Jul. 29th, 2002

judecorp: (devil doll)
I totally need to buckle down and start being serious. I mean, I'm going to (hopefully) have a job soon and this 3am stuff isn't going to fly, unless I get a job like Ryan and Adampants. But I'm just having so much damned fun galavanting all over Columbus.

I did make it to church this morning, but the one person whom I don't like to listen to had the pulpit, poo. It certainly made it much less interesting for me. Earl says very intelligent things, but there are so many pauses and his style of speaking drives me nuts. I felt so bad for the ASL interpreter. There's only so many times I can hear about Humanism. I was kind of hoping for a little talk of the supernatural this morning. Aah well.

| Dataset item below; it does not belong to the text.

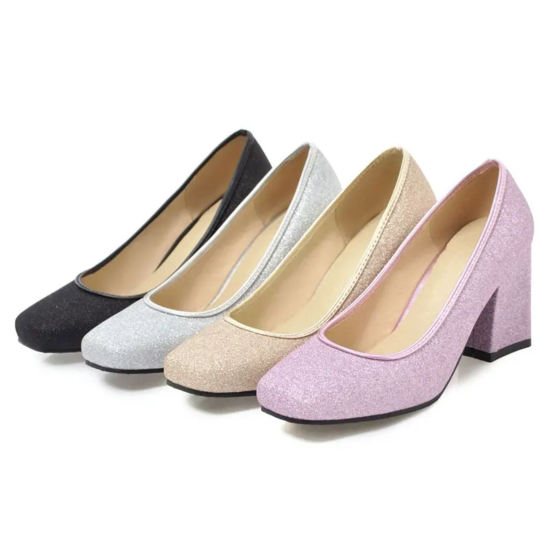 Product name:square toe thick high heel pumps shoes
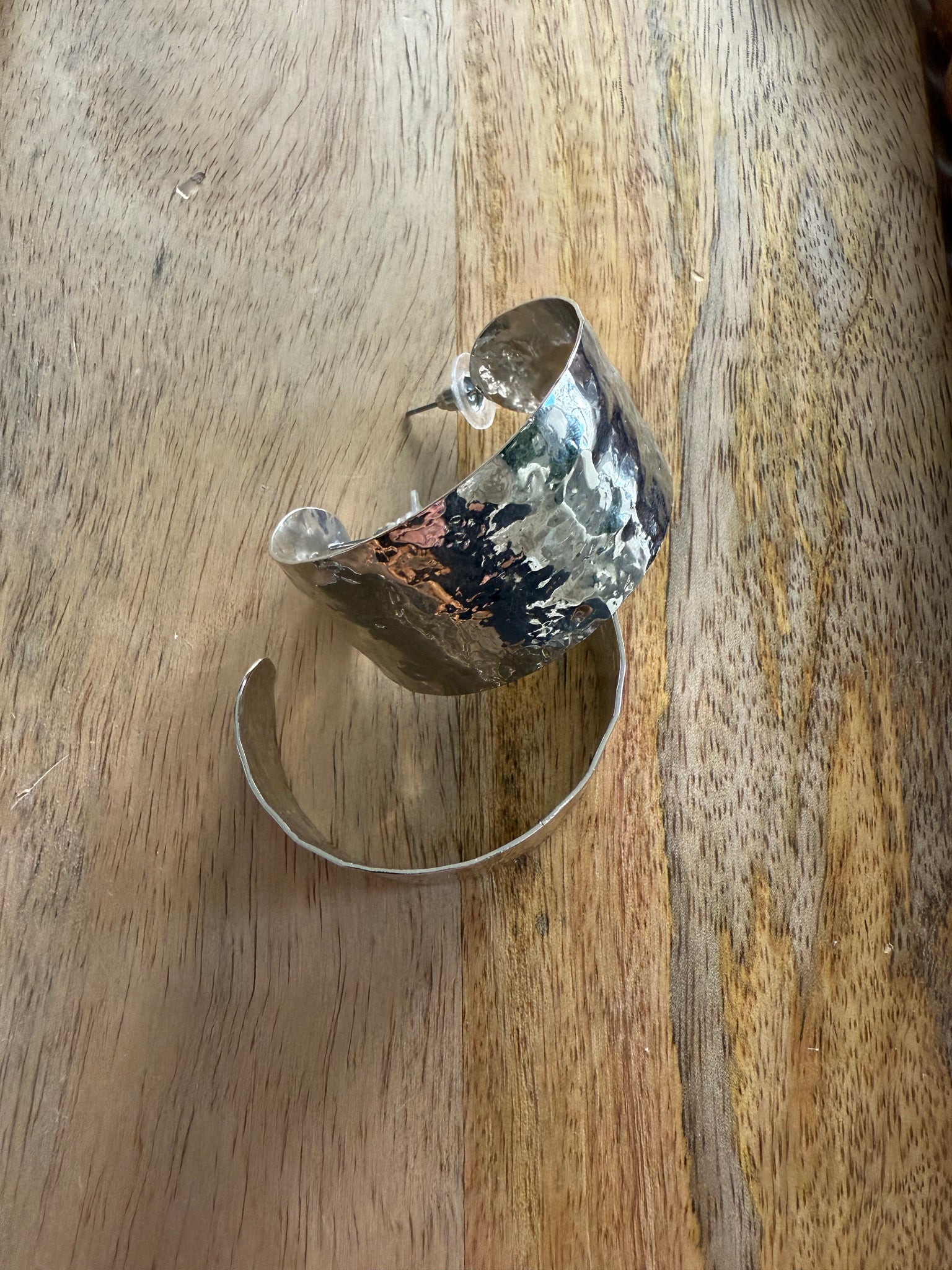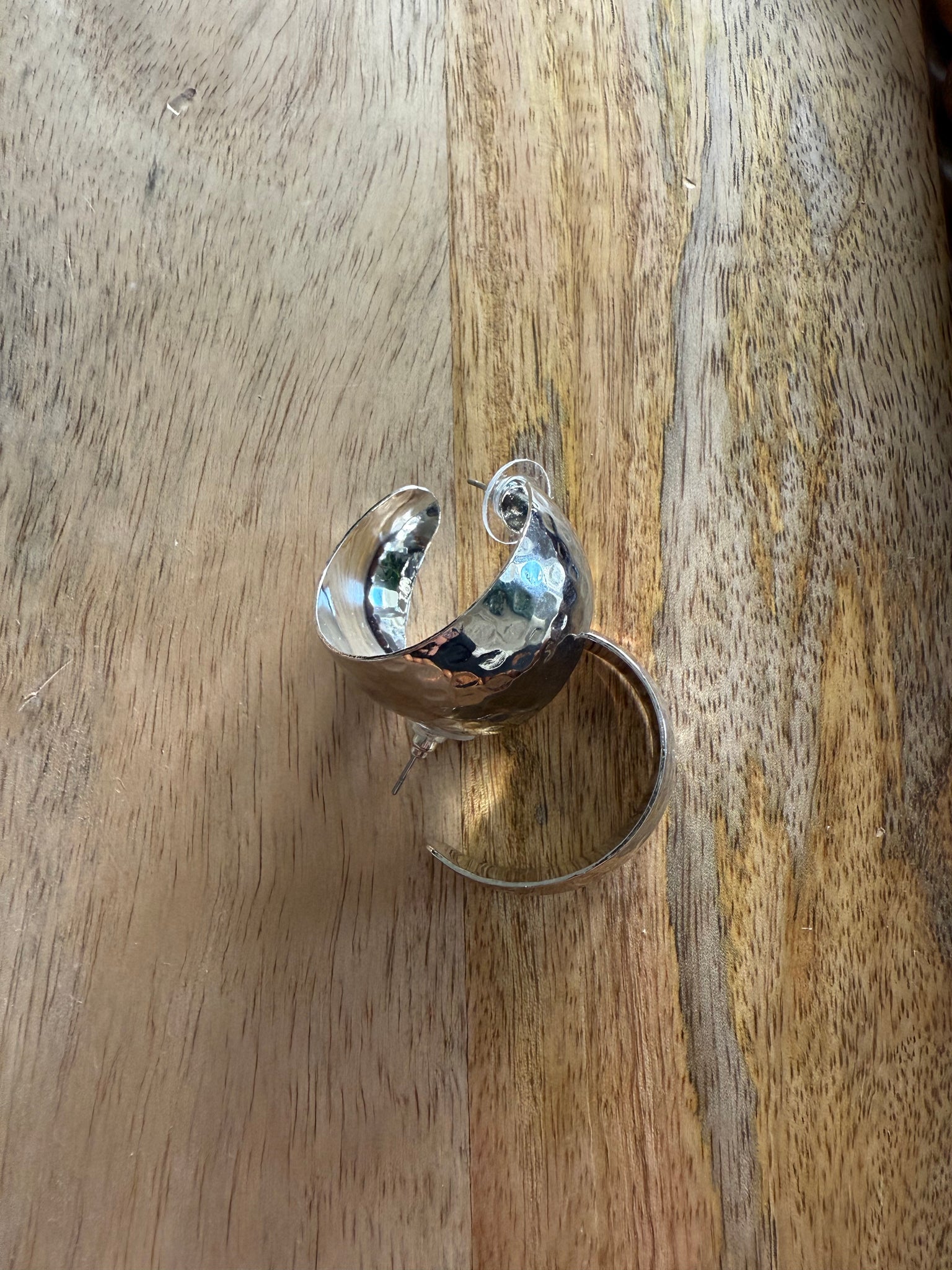 The Silver Mesa Hoops bring an effortless, earthy glamour to any outfit. Their hammered, high-shine finish gives that natural, handcrafted look while still feeling sleek and modern. Lightweight and eye-catching, these half-hoops make a statement without overwhelming your style. Perfect for holiday parties, winter sweaters, or gifting to someone who loves boutique, artisan-inspired pieces.

Today was a good day. Started with church and ended with Fight Club. That movie always makes me think of Mark, though, which is always a little tinged with sadness. Still, peace is an article of clothing I am wearing regularly these days, and I rather like it. Things seem to be on an even keel with me. I saw and talked to a lot of wonderful people today: (in order of appearance) Mel, Bucky's Adam, Milla, Jennifer (on the phone though, drat!) and Edward. Fun.

Happiness is connecting with someone for whom you care very deeply. Happiness is the laughter of someone who was previously in tears. Happiness is.

Oh, and I really really would like to get laid right now.
judecorp: (erase hate)
I've noticed that I don't do a lot of writing anymore. I spend a lot of time writing about what I did that day and I don't say much else. I've been trying to think about why that is. Part of the reason is that I've been really busy running around and haven't done a lot of time in front of the computer thinking. I suppose another reason is that my growing friends list has made my journal become something of performance art. I don't know how I really fell prey to that but I want to stop.

I've also noticed that since I've been unemployed, I've been a lot freer with my money. When I was earning a paycheck, I was very thrifty and made sure that I was only spending what I was making. Now that I'm sucking everything I spend out of my savings account, I seem to be more spendthrifty. It doesn't seem like it, I suppose, because I usually spend /nothing/. But I've been pretty spend-heavy for someone without a job. Technically, I had told myself that if I didn't have a job by August 1st, I was going to go back to the temp agency I used to work for. I don't think I'm going to do that just yet, mostly because I'm hoping to start getting some interviews and don't want to have to juggle a temp agency. The new plan is to see what happens by the time I go home in the middle of August. I hope to have something more promising by then. I also think I might hit the First National Bank of Grandpa.

I've noticed lately that I'm not as flinchy as I usually am. Usually all it takes is someone's body near mine and I'm bracing for some kind of physical attack. Maybe kickboxing has something to do with it. Maybe I'm getting older. Maybe I'm finally not so worried about being hurt. Who knows? All I know is that it's a nice change, although I did konk [livejournal.com profile] oneedge on the head last night when he got a little to threatening for me. Oops. I didn't even realize I'd hit him until he said, "You hit me on the head!" I guess we're even. :)

Is it tacky to wear my leiderhosen to the wedding in a few weeks?

Lesbian lesbian dyke dyke dyke. I'm so much more than that, you know. Blah!